## EXERCISE DETAILS:
A faithful copy of every entry is the goal; keep the images out of it.

## MATERIAL FOR THE TASK:
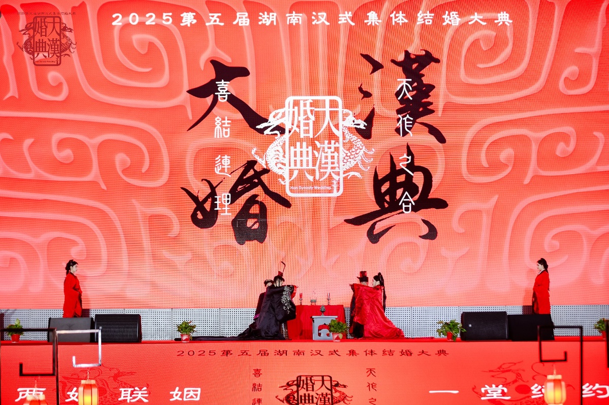 中国日报11月29日长沙讯 11月29日晚,2025第五届湖南汉式集体结婚大典(以下简称“大汉婚典”)在长沙市天心区黄兴南路步行商业街举行。黄兴广场被红绸、灯笼和汉式图腾装点得古意盎然,37对新人齐聚于此,用千年古礼许下了相守一生的承诺。
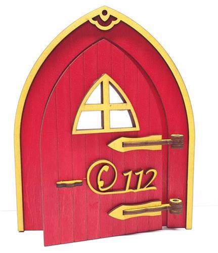 Preview: Tanno Design beliebteste Feuerwehr Wichtel, Wichteltür, Feentür, Mäusetür aus Holz zum öffnen mit echtem Wichtel rot/gelb 17cm
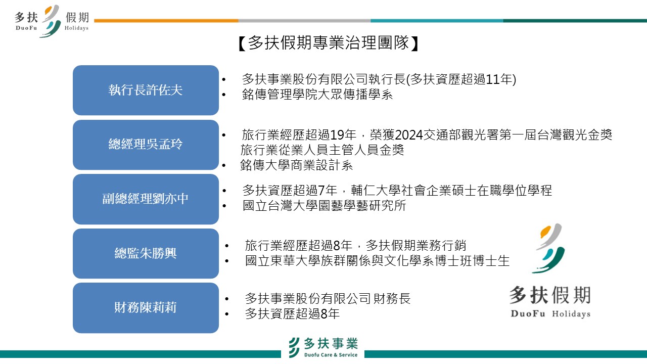 多扶成立旅行社之前,主要的服務項目是以「無障礙接送服務」為主,創業十餘年來,多扶接送致力於讓行動不便的朋友、長輩與家人可以得到受尊重的交通服務,另外,台灣有數十萬棟沒有電梯的老舊公寓,困住了身障朋友出門的希望。多扶也是台灣第一家開辦『爬梯機』服務,同時提供水平移動和垂直移動,完整解決困擾了身障朋友下不了樓無法出門的問題。
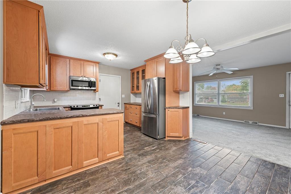 Welcome home to this 3-bedroom, 3-bath gem nestled in the quiet Rosewood subdivision within the highly rated North Kansas City School District. This well-maintained home offers comfortable one-level living with a finished basement for extra space. The inviting living area flows seamlessly into the kitchen and dining spaces, perfect for gatherings. Enjoy the large backyard on a generous 0.27-acre lot — ideal for outdoor entertaining, gardening, or play! The huge patio area is a great spot to entertain with it’s covered pavilion! The home also features a 2-car attached garage, central heating and cooling, and durable vinyl siding with a composition roof. Conveniently located near shopping, dining, and quick highway access to downtown KC. New interior paint, flooring and roof!
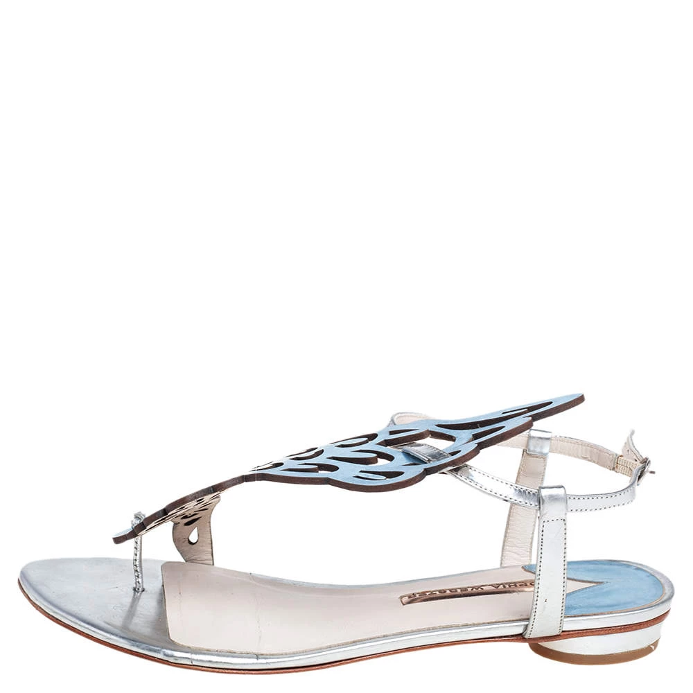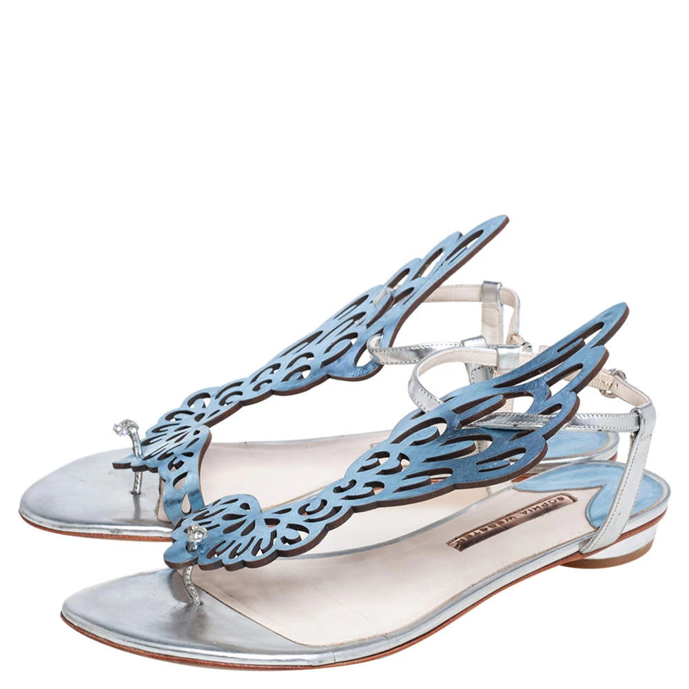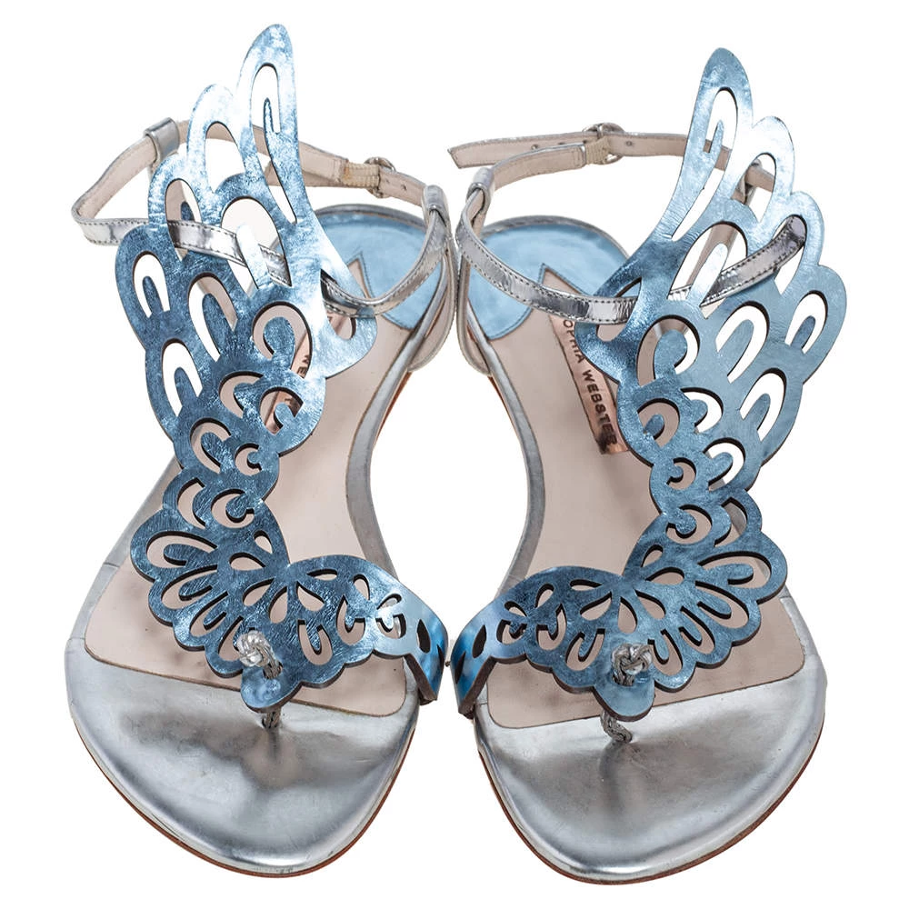 Let your style fly high with these flats from Sophia Webster! Beautifully crafted from metallic blue leather, they feature open toes, buckle ankle straps, and a butterfly design on the vamps. You’re sure to love owning this gorgeous pair.

## RESULT:
 中国日报11月29日长沙讯 11月29日晚,2025第五届湖南汉式集体结婚大典(以下简称“大汉婚典”)在长沙市天心区黄兴南路步行商业街举行。黄兴广场被红绸、灯笼和汉式图腾装点得古意盎然,37对新人齐聚于此,用千年古礼许下了相守一生的承诺。
 Preview: Tanno Design beliebteste Feuerwehr Wichtel, Wichteltür, Feentür, Mäusetür aus Holz zum öffnen mit echtem Wichtel rot/gelb 17cm
 多扶成立旅行社之前,主要的服務項目是以「無障礙接送服務」為主,創業十餘年來,多扶接送致力於讓行動不便的朋友、長輩與家人可以得到受尊重的交通服務,另外,台灣有數十萬棟沒有電梯的老舊公寓,困住了身障朋友出門的希望。多扶也是台灣第一家開辦『爬梯機』服務,同時提供水平移動和垂直移動,完整解決困擾了身障朋友下不了樓無法出門的問題。
 Welcome home to this 3-bedroom, 3-bath gem nestled in the quiet Rosewood subdivision within the highly rated North Kansas City School District. This well-maintained home offers comfortable one-level living with a finished basement for extra space. The inviting living area flows seamlessly into the kitchen and dining spaces, perfect for gatherings. Enjoy the large backyard on a generous 0.27-acre lot — ideal for outdoor entertaining, gardening, or play! The huge patio area is a great spot to entertain with it’s covered pavilion! The home also features a 2-car attached garage, central heating and cooling, and durable vinyl siding with a composition roof. Conveniently located near shopping, dining, and quick highway access to downtown KC. New interior paint, flooring and roof!
 Let your style fly high with these flats from Sophia Webster! Beautifully crafted from metallic blue leather, they feature open toes, buckle ankle straps, and a butterfly design on the vamps. You’re sure to love owning this gorgeous pair.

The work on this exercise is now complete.